At this point, I’m thinking: oh great, one of those cult-followed novels that only those who wear black, black framed glasses, and carry their smugness like Linus’ blanket everywhere they go will appreciate this novel.   Then Eggers says that the expected age of a new reader of this novel that captures “the consciousness of an age” is 25.  Oh, he concedes that some more ancient readers, 30 or even 50 year olds, might be condescendingly reading the book for the first time, but basically, he assumes that like he was the first time he read the book,  the reader is a 25 year old English major, and, I assume, male.

So I go into this book knowing that I am not at all the target audience. Not a good way to begin a novel when I have dozens of other novels,  novels that are practically begging a middle aged woman English professor to read them, waiting for me by my bed. 

So even though the novel is fairly easy to read (despite the endnotes, which do seem to be increasing with each chapter, unfortunately), and with characters who (sorry Eggers) DO resemble other characters in fiction, from Holden Caulfield way back to Tom Sawyer—and all those adolescent boys/men in between—and there does seem to be an actual plot focusing on different addictions, I just don’t want to keep reading. I have too much else to read. 

So, rejection and failure in one day.

But it has led to self-reflection. It’s summer. I do have a long to-do list, but hell will not freeze over if I ignore half of it. And while neither my rejection nor my failure will impact my career or my life in any negative way—no job or income depended on either—they have led me to reflect on what I really want to accomplish this summer.  And I’m happy with that.   I’ll let you know if I figure what that actually IS before August.

Infinite Summer with David Foster Wallace

Bitch, Ph.D. linked to this challenge: finish David Foster Wallace’s 1000-page novel, Infinite Jest, by Sept. 22nd.

The website also identifies some warm up readings, including his essays and short stories (including the most recent collection, This Is Waterhis 2005 Kenyon College commencement address, which includes the parable I alluded to in my speech).

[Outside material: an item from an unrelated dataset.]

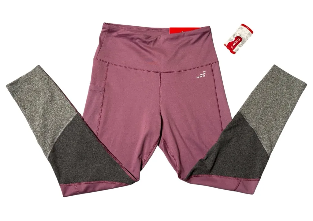 Comfortable BCG leggings with a stylish pink,purple,nude and gray design. High Rise 7/8 Legging Tight Fit Length Hits Just Above The Ankle Moisture-Wicking Technology Odor-Resistant Technology 4 Way Stretch Technology Has One Pocket On The Side New With Tags Size Medium Flaws: Does Have A Faint Mark On The Back Top Left Side Flaw Is Pointed Out With Scissors And Circled In Red. You Can Wash It And See If It Comes Off Once You Purchase. Offers Welcome On Item Measurements Laying Flat 13 inches waist 33 3/4 inches long 24 1/2 inches inseam

Since my summer reading list has grown as large as the stacks of books on the floor in my home office, I’ll probably not participate in the challenge of reading a novel some have called unreadable (though others praise it, or more pointedly, their own accomplishment in having finished it).  But I do recommend Wallace’s essays and short stories: think of them as tapas and engaging conversation for those who don’t want a 5-course meal and an intense, multilayered lecture.